Complex projective coordinates on data set of image patches

In this example, we explore the topology of a collection of images of a moving dot, which, as we will show using persistent cohomology and complex projective coordinates, are parametrized by the 2-sphere. Each image patch is a square \(d \times d\) region of pixels. Each pixel can be thought of as a dimension, so each patch lives in \(\mathbb{R}^{d \times d}\), and a collection of patches can be thought of as a Euclidean point cloud in \(\mathbb{R}^{d \times d}\).

[1]:
from dreimac import GeometryExamples, PlotUtils, ComplexProjectiveCoords, ProjectiveMapUtils, GeometryUtils

import matplotlib.pyplot as plt
import numpy as np
from persim import plot_diagrams

Let’s start by looking at a small sample of image patches

[2]:
small_sample = GeometryExamples.moving_dot(10, sigma=2)

plt.figure(figsize=(8,8))
_ = PlotUtils.plot_patches(small_sample, zoom=4)
../_images/notebooks_movingDot_3_0.png

The topology of the data is best captured by approximations of the geodesic distance. This is what the function landmark_geodesic_distance does.

[3]:
P = GeometryExamples.moving_dot(100, sigma=2)
dist_mat, pointcloud_permutation = GeometryUtils.landmark_geodesic_distance(P, 300, 20)
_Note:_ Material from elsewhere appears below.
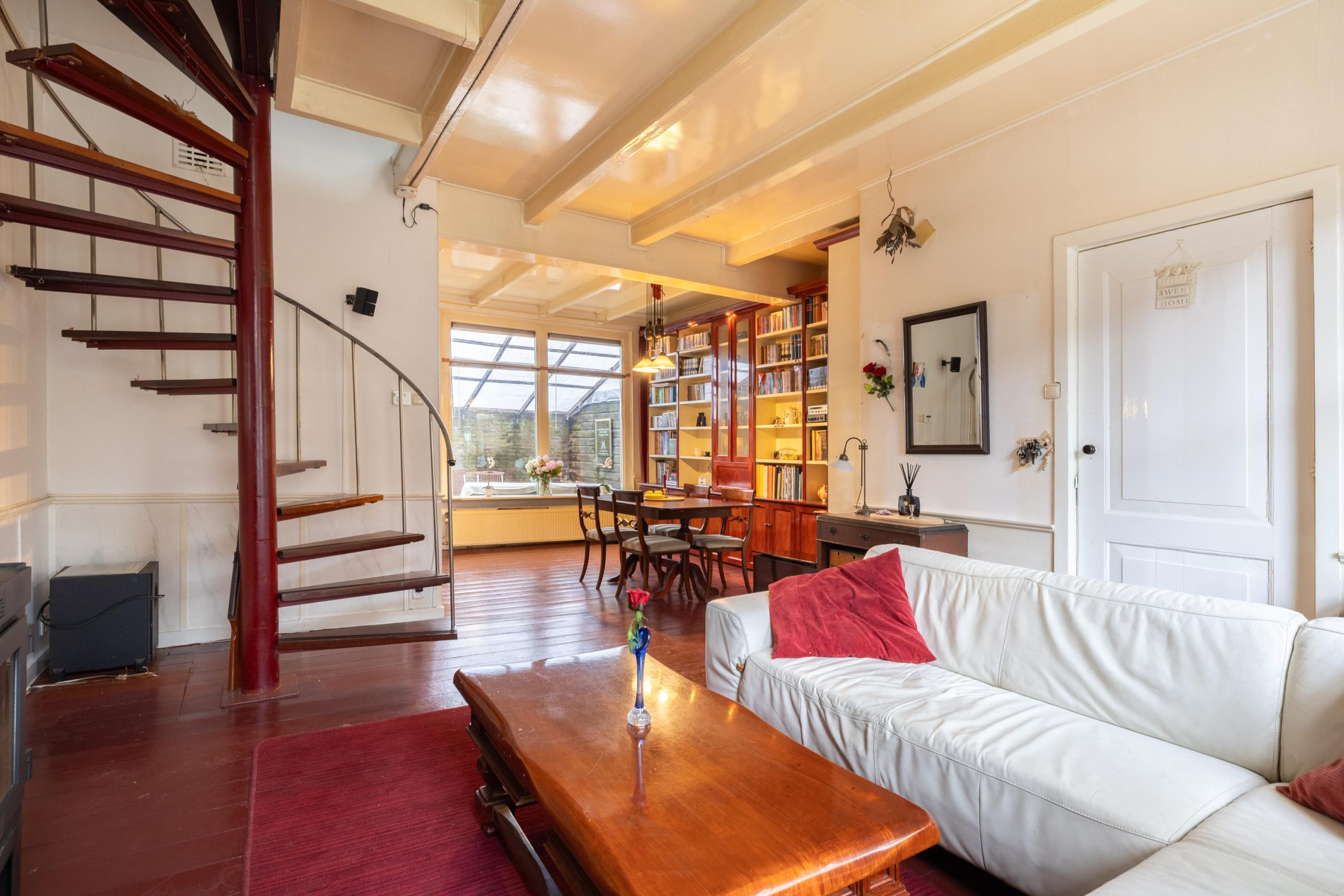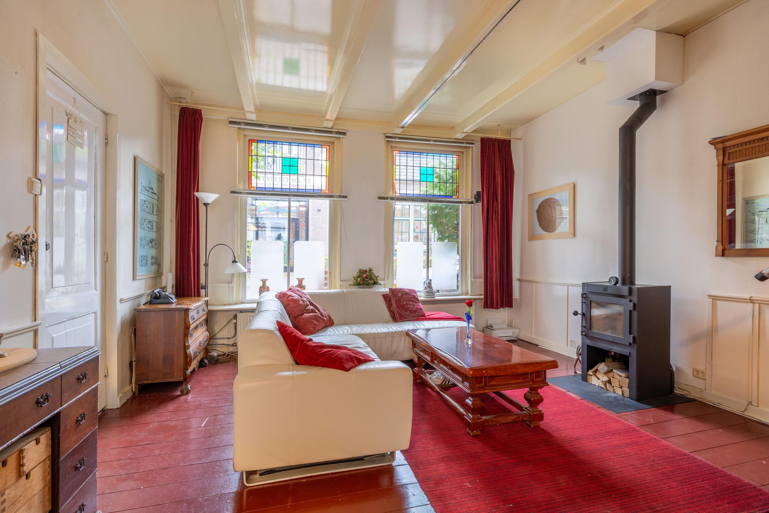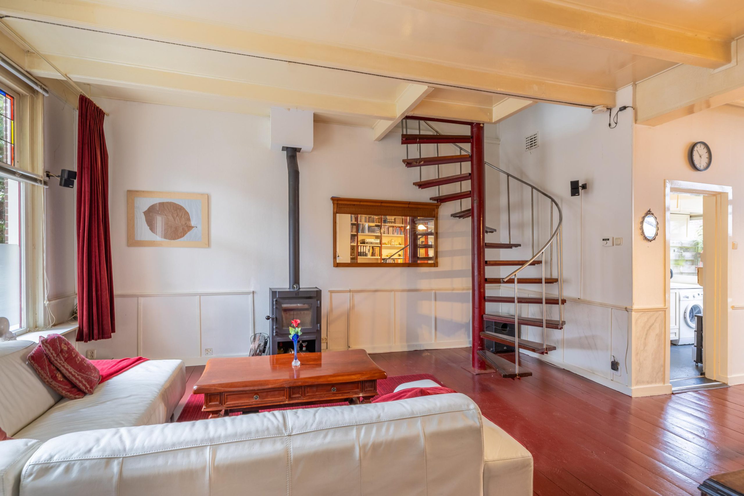 De woonkamers is warme ingericht. De houtkachel, houtenvloer en balkenplafond zorgen samen voor een warme, knusse sfeer. De trap naar boven geeft het geheel een speels accent. Aan de voorzijde is het gezellig zitten met uitzicht op de rustige straat, terwijl er aan de achterzijde plek is voor een eettafel bij het raam.
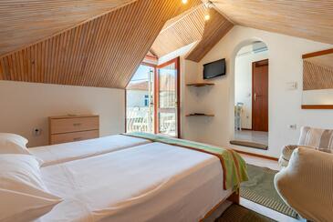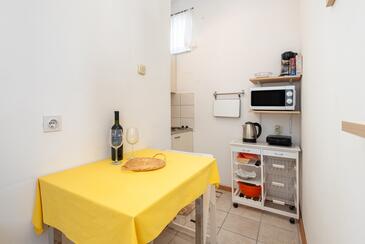 Appartamento può accogliere 4 ospiti. I letti sono disposti nelle camere da letto che sono 2, su 41m2. Gli ospiti hanno a disposizione il proprio terrazzo per godere nelle calde serate estive. Si può preparare il cibo utilizzando il barbecue comune. Nell'unità di alloggio si possono portare gli animali domestici con un pagamento supplementare. Arrivati nell'unità d'alloggio i clienti devono pagare un deposito (il prezzo è indicato sul sito).

As we can see, the data has one high-prominence 2-dimensional void.

[4]:
cpc = ComplexProjectiveCoords(dist_mat, n_landmarks=300, distance_matrix=True)
fig = plt.figure()
plot_diagrams(cpc._dgms)
../_images/notebooks_movingDot_7_0.png

We now apply complex projective coordinates.

[5]:
coords = cpc.get_coordinates(perc=0.9, proj_dim=1, cocycle_idx=0)
coords_R3 = ProjectiveMapUtils.hopf_map(coords)
coords_R2 = ProjectiveMapUtils.stereographic_projection_hemispheres(coords_R3)
[6]:
subsample = GeometryUtils.get_greedy_perm_pc(coords_R2, 200)['perm']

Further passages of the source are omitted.